Task brief =>
Please quote exactly the lines below from the line containing "autumn leaf, fall" to the line containing "Boarding Pass - Aerodrom", both lines included, and nothing else.

Saved entries
===============

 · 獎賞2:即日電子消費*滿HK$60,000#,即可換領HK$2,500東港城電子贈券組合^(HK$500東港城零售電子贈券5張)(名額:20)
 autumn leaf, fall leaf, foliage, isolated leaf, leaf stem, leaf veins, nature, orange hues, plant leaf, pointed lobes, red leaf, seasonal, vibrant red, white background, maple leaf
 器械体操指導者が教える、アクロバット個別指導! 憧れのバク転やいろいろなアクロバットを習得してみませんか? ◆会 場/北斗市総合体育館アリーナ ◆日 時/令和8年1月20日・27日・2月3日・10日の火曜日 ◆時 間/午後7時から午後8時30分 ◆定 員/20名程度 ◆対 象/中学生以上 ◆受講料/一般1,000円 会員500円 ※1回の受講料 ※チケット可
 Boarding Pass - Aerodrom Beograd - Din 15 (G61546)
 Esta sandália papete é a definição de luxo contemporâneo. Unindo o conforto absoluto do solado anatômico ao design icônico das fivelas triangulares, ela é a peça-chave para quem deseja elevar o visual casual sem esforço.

===============

Result for this task =>
 autumn leaf, fall leaf, foliage, isolated leaf, leaf stem, leaf veins, nature, orange hues, plant leaf, pointed lobes, red leaf, seasonal, vibrant red, white background, maple leaf
 器械体操指導者が教える、アクロバット個別指導! 憧れのバク転やいろいろなアクロバットを習得してみませんか? ◆会 場/北斗市総合体育館アリーナ ◆日 時/令和8年1月20日・27日・2月3日・10日の火曜日 ◆時 間/午後7時から午後8時30分 ◆定 員/20名程度 ◆対 象/中学生以上 ◆受講料/一般1,000円 会員500円 ※1回の受講料 ※チケット可
 Boarding Pass - Aerodrom Beograd - Din 15 (G61546)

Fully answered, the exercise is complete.